Dockar-Clay made a total of 14 appearances for Canterbury throughout the 2022 season which were all from the interchange bench. The club would finish 12th on the table and miss the finals.

===North Sydney===
In November 2022, Dockar-Clay signed a contract to join NSW Cup side North Sydney ahead of the 2023 season.
Dockar-Clay was part of the North Sydney side which claimed the Minor Premiership and reached the 2023 NSW Cup grand final against South Sydney. Dockar-Clay captained the side in their 22-18 loss.

===Sydney Roosters===
Ahead of the 2024 NRL season, Dockar-Clay joined the Sydney Roosters. In round 6, he was named to make his club debut against Newcastle. Dockar-Clay would play off the interchange bench in their 22-20 victory.
On 21 May, the Sydney Roosters hit back at claims that Dockar-Clay had been taking illegal substances on a live stream along with fellow players Brandon Smith, Terrell May, Naufahu Whyte and Spencer Leniu.
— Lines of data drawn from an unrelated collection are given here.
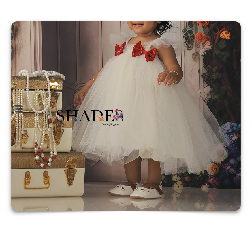 A delightful blend of festive charm and playful elegance — this frock features a soft net frill with glitter red bows. Paired with matching red bow hair accessories, it’s crafted to make every little girl shine and twirl.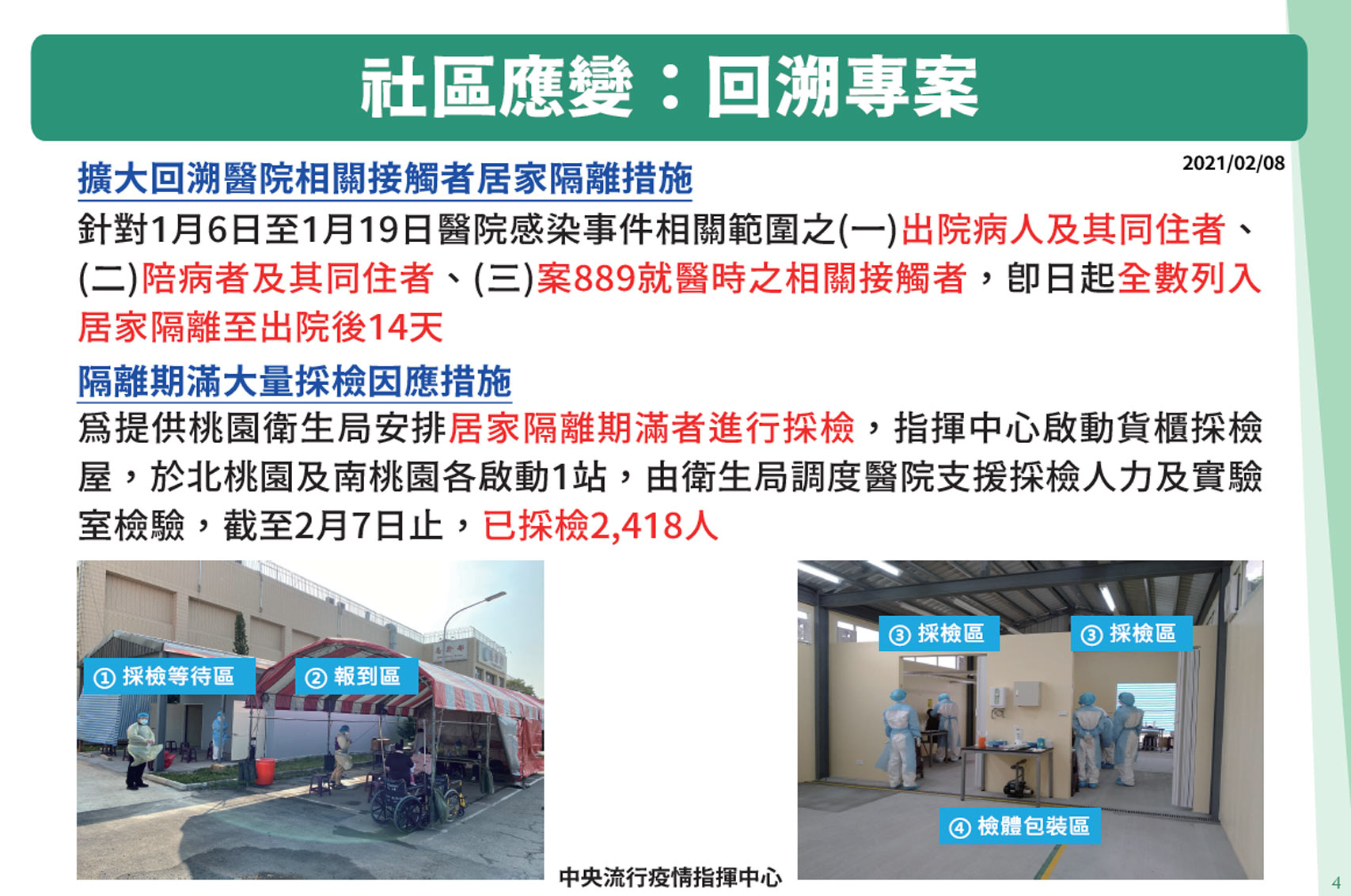 針對社區應變也啟動回溯專案,羅一鈞表示,總共擴大匡了4000多人,居家隔離期滿仍必須進行採檢,並首度啟用貨櫃採檢站,讓民眾有安心、隱私空間採檢,截至2月7日止,已採檢2418人。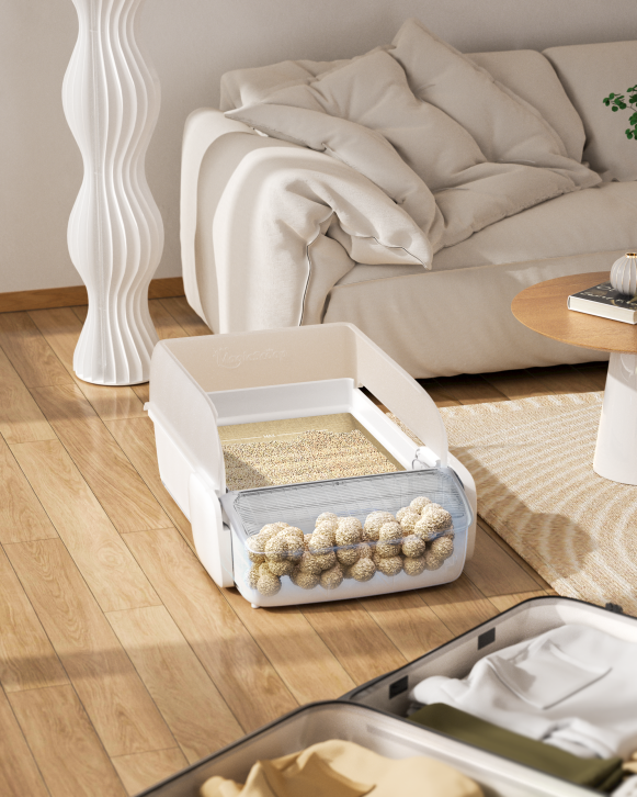对铲屎官而言,该产品最大程度实现了清洁过程的自动化与智能化。搭载高精度感应系统,可在猫咪离开后自动启动清理程序,精准分离并收集排泄物至7L大容量密封集便盒。其创新的三分区猫砂铲设计,有效提升对小颗粒结团的过滤效率,减少残留与异味产生。配合可安装的除臭魔方,进一步抑制异味扩散,确保家居空气清新。单猫家庭可实现7-10天清理一次,多猫家庭也同样适用,极大减轻日常维护负担。
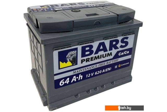 Если хотите купить автомобильный аккумулятор BARS Premium 64 R+ (64 А·ч) то следует уточнить все параметры и габариты модели перед покупкой. Представленые характеристики на сайте 1teh.by могут отличаться от действительных или указанных производителем. Описание, фото товара и технические характеристики представлены для справки.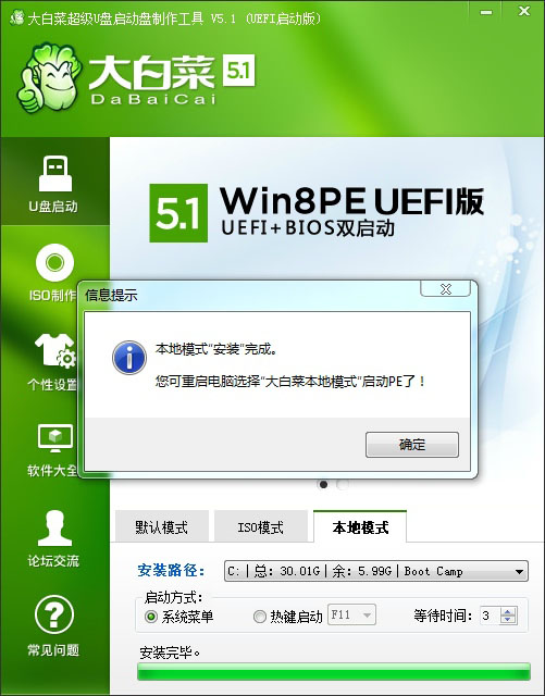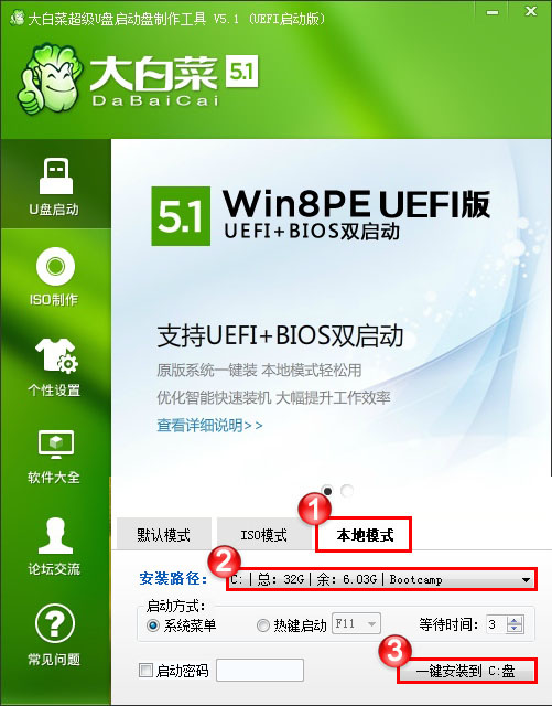 1、大白菜U盤啟動制作工具5.1以上版本的主程序都包含本地模式功能。切換到本地模式,選擇安裝路徑以及啟動方式。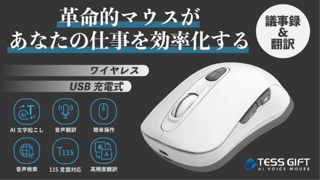 『TESS GIFT AI ライティングマウス』は話しかけるだけで文字起こしする機能に加え、自分の言語を115言語に翻訳してテキスト化する機能も搭載されております。これにより仕事効率を劇的に向上させることが可能になります。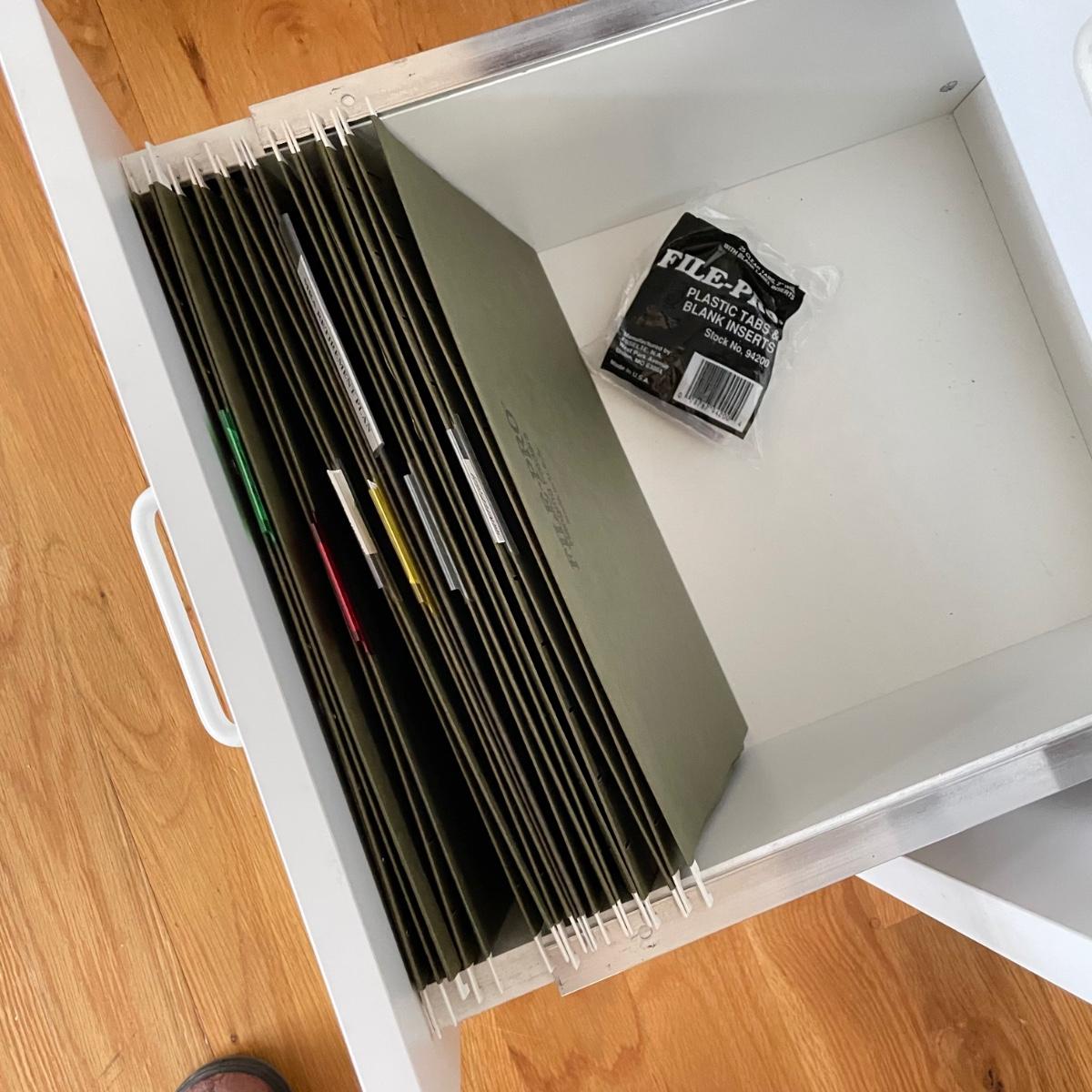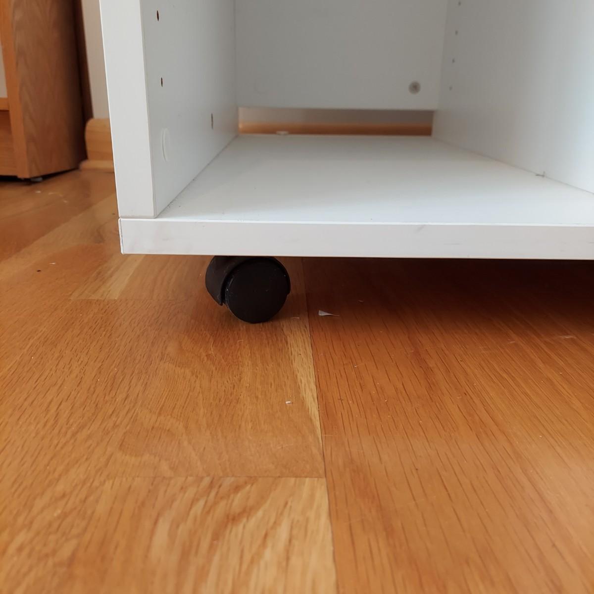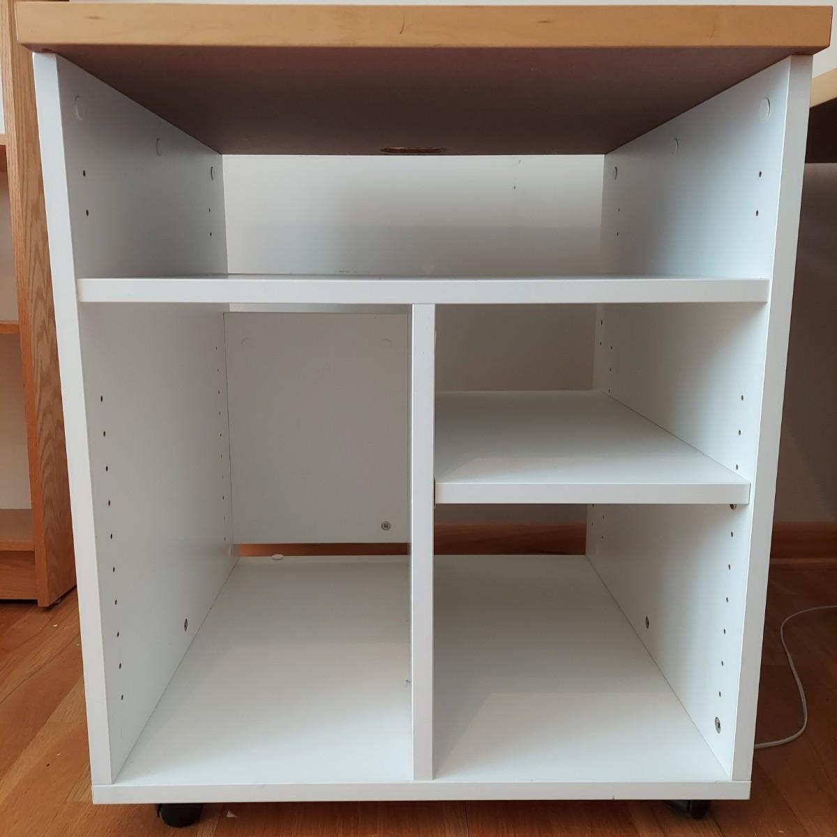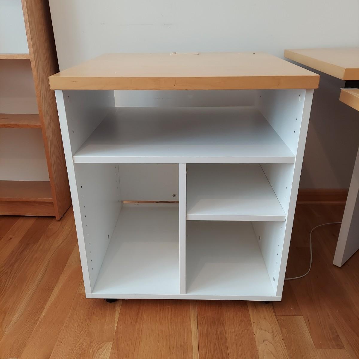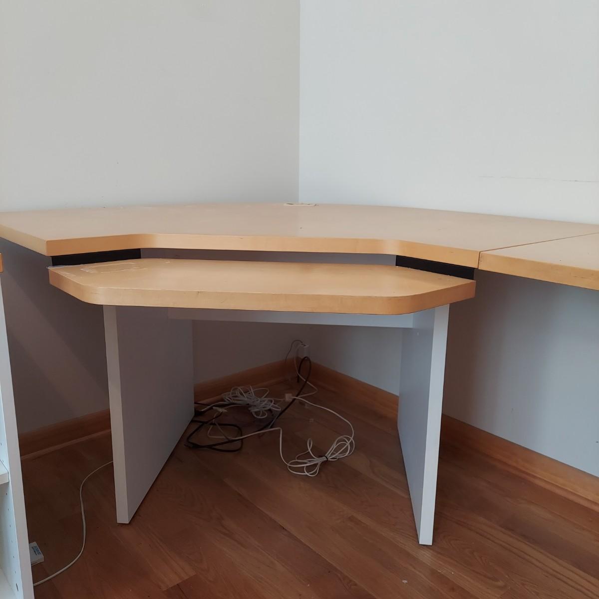 Large office corner desk. White pressed wood base with blonde wood top. The smaller section and white wood filing cabinet are on wheels. Also comes with an office chair. Will need to be taken apart in the middle and winning bidder will need a Phillips head screwdriver to dismantle. The right side of the desk (the larger side) measures 81” x 45” x 21H”. The smaller section measures 24”square x 29”H, adding this piece to the main desk would reach 69”, the rounded corner to the keyboard shelf is 45.5”. Local Pickup Only. Winning bidder must bring assistance to help move and load this item due to its weight and/or size.

The club released a statement which read “The Sydney Roosters have been made aware of a small clip from a longer live stream that some on social media have claimed identifies behaviour that breaches NRL rules. “The clip reveals no use of illicit substances or any other breach of NRL rules, however some see fit to make that grossly distorted and clearly damaging claim".

===Manly Warringah Sea Eagles===
Dockar-Clay was one of five players farewelled by the Sydney Roosters at the end of their season. He was linked with a move to Manly.
In the 2026 NRL season, Dockar-Clay made one appearance for Manly. He spent the majority of the year with the clubs NSW Cup side which finished last. In September, he was released by Manly.